• Goal of the exercise: In the data below, find the line with "ខេត្តកំពង់ចាម ៖ គូដណ្ដឹងវីរយុទ្ធជនវ័យក្មេង" and the line with "대통령 직속 ‘2050", then restate both and every line between them exactly, minus the pictures.

• Data extract:

+ + +

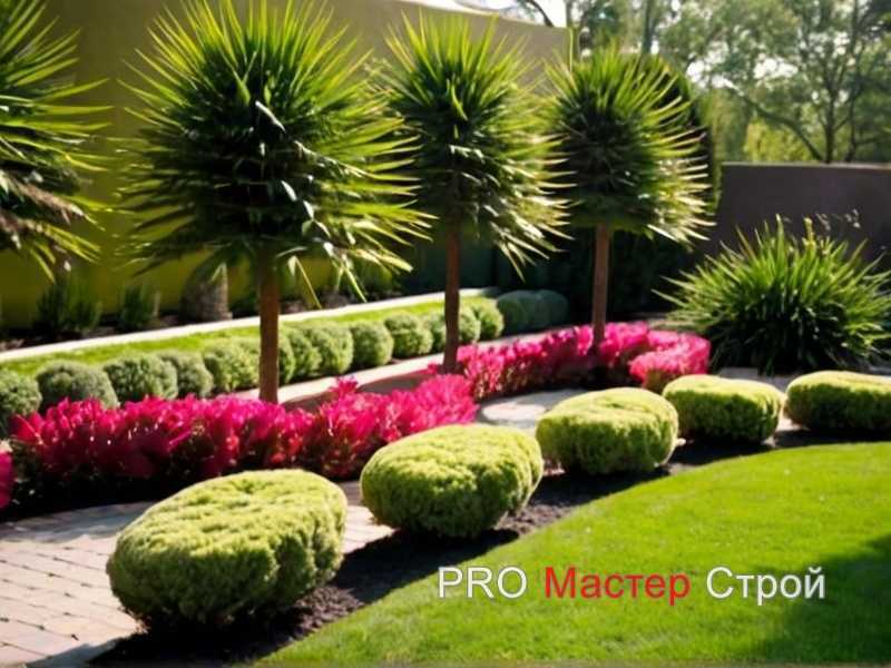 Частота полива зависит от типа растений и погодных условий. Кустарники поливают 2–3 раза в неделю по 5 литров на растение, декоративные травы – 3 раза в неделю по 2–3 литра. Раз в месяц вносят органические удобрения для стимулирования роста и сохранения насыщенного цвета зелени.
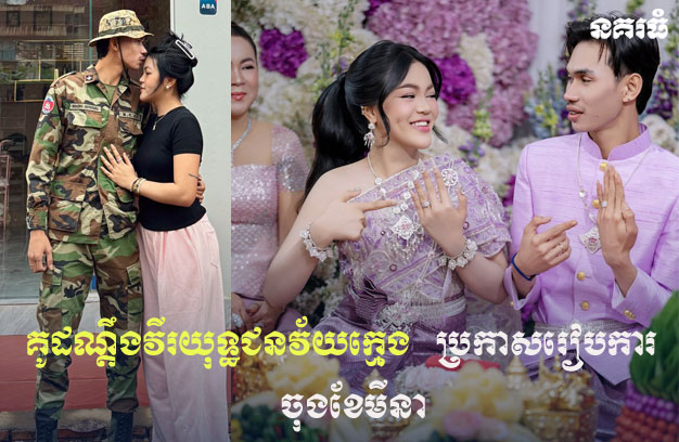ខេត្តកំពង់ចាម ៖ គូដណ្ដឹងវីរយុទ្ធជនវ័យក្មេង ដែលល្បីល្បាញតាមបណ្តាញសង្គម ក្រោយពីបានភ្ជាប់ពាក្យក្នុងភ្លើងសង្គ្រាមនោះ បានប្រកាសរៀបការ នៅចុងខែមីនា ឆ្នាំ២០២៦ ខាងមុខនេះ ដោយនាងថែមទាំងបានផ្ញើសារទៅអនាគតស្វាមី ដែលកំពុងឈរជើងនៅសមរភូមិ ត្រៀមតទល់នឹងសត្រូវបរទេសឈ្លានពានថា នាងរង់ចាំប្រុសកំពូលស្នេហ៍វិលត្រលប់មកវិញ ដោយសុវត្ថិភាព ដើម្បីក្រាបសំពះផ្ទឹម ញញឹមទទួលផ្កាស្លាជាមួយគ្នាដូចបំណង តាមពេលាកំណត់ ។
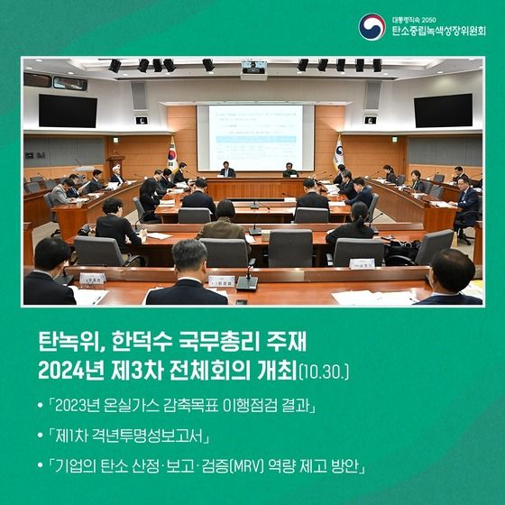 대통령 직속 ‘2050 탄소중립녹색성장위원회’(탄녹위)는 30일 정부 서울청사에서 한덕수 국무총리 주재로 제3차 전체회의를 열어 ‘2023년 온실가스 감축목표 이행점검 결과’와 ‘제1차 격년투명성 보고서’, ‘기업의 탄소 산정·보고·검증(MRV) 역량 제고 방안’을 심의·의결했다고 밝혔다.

+ + +

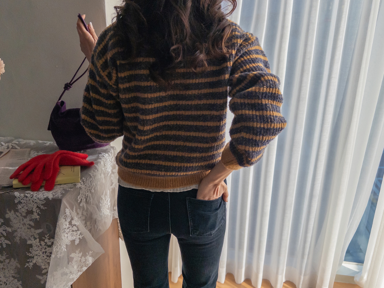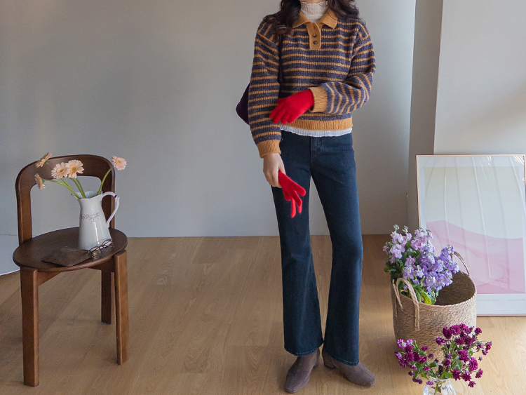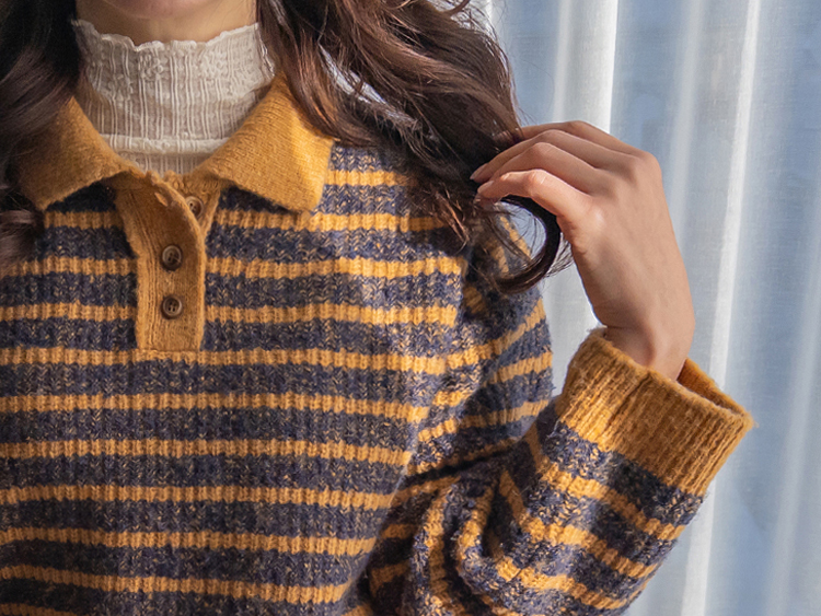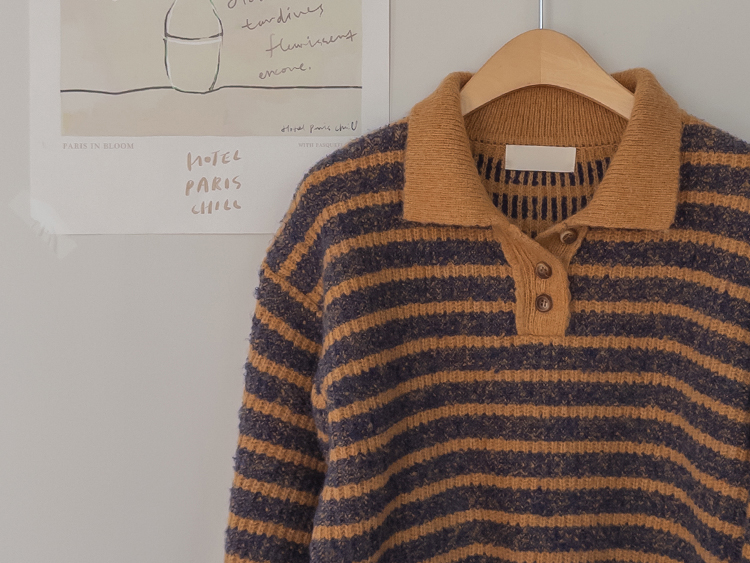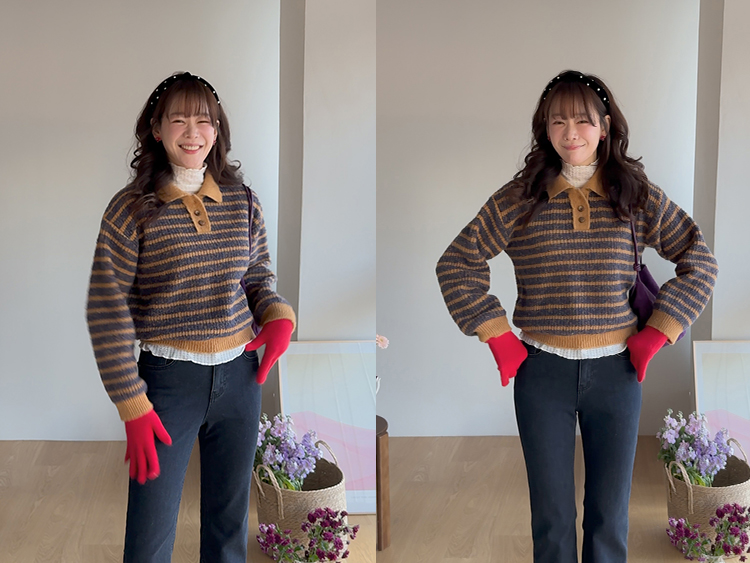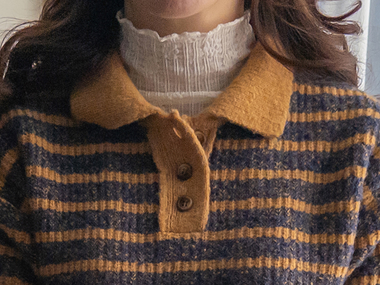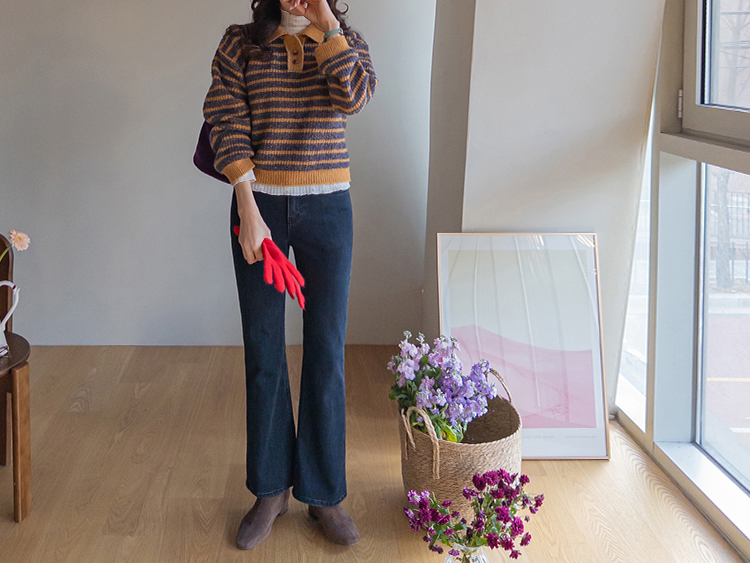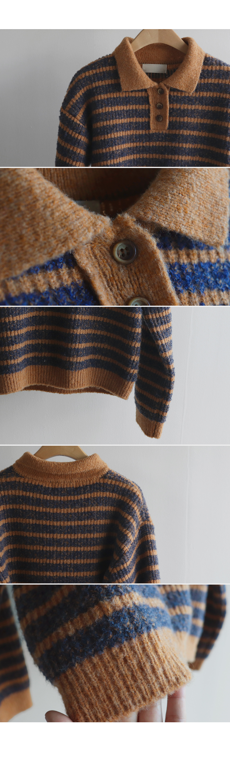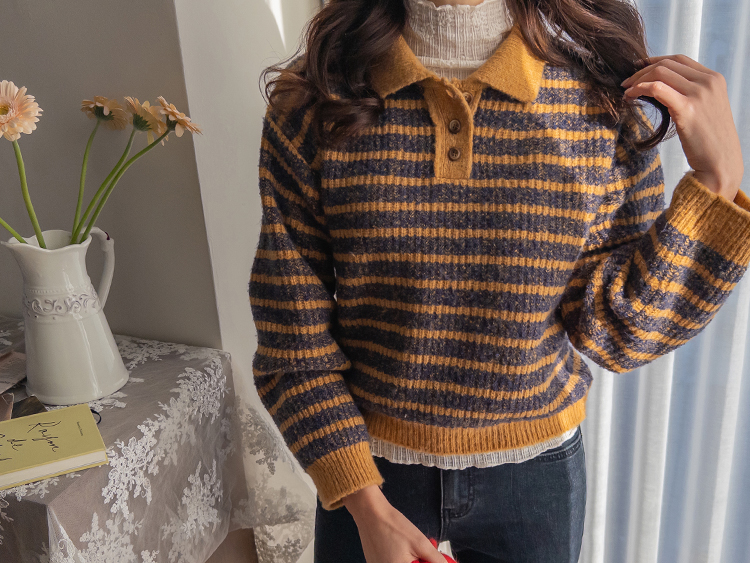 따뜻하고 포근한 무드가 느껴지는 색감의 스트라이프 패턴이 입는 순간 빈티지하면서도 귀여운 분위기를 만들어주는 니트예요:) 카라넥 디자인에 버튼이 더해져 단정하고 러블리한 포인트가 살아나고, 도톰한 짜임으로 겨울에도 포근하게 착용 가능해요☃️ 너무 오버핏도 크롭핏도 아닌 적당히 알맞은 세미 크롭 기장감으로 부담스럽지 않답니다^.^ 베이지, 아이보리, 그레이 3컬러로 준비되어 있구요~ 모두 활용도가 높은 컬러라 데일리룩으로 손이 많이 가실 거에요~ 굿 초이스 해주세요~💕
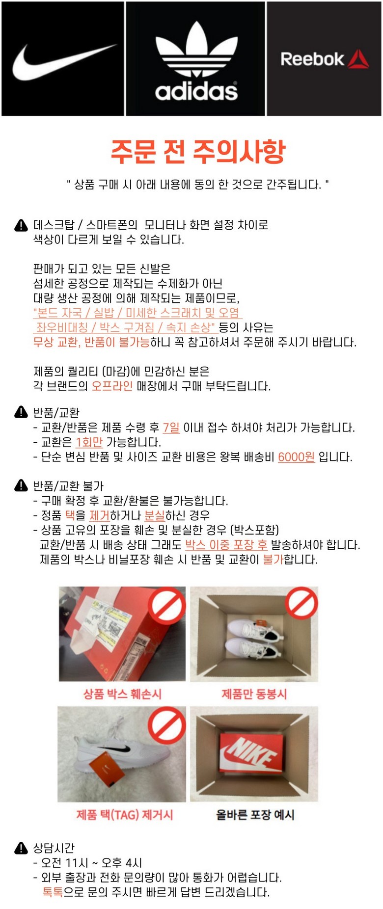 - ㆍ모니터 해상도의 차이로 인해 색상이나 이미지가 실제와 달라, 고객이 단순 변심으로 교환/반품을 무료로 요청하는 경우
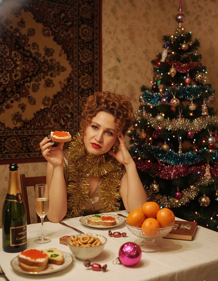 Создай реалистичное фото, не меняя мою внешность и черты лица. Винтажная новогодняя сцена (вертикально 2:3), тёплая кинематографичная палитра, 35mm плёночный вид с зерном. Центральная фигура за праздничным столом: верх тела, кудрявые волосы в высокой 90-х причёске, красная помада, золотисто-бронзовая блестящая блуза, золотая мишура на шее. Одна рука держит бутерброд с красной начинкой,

+ + +

• Answer area:
ខេត្តកំពង់ចាម ៖ គូដណ្ដឹងវីរយុទ្ធជនវ័យក្មេង ដែលល្បីល្បាញតាមបណ្តាញសង្គម ក្រោយពីបានភ្ជាប់ពាក្យក្នុងភ្លើងសង្គ្រាមនោះ បានប្រកាសរៀបការ នៅចុងខែមីនា ឆ្នាំ២០២៦ ខាងមុខនេះ ដោយនាងថែមទាំងបានផ្ញើសារទៅអនាគតស្វាមី ដែលកំពុងឈរជើងនៅសមរភូមិ ត្រៀមតទល់នឹងសត្រូវបរទេសឈ្លានពានថា នាងរង់ចាំប្រុសកំពូលស្នេហ៍វិលត្រលប់មកវិញ ដោយសុវត្ថិភាព ដើម្បីក្រាបសំពះផ្ទឹម ញញឹមទទួលផ្កាស្លាជាមួយគ្នាដូចបំណង តាមពេលាកំណត់ ។
 대통령 직속 ‘2050 탄소중립녹색성장위원회’(탄녹위)는 30일 정부 서울청사에서 한덕수 국무총리 주재로 제3차 전체회의를 열어 ‘2023년 온실가스 감축목표 이행점검 결과’와 ‘제1차 격년투명성 보고서’, ‘기업의 탄소 산정·보고·검증(MRV) 역량 제고 방안’을 심의·의결했다고 밝혔다.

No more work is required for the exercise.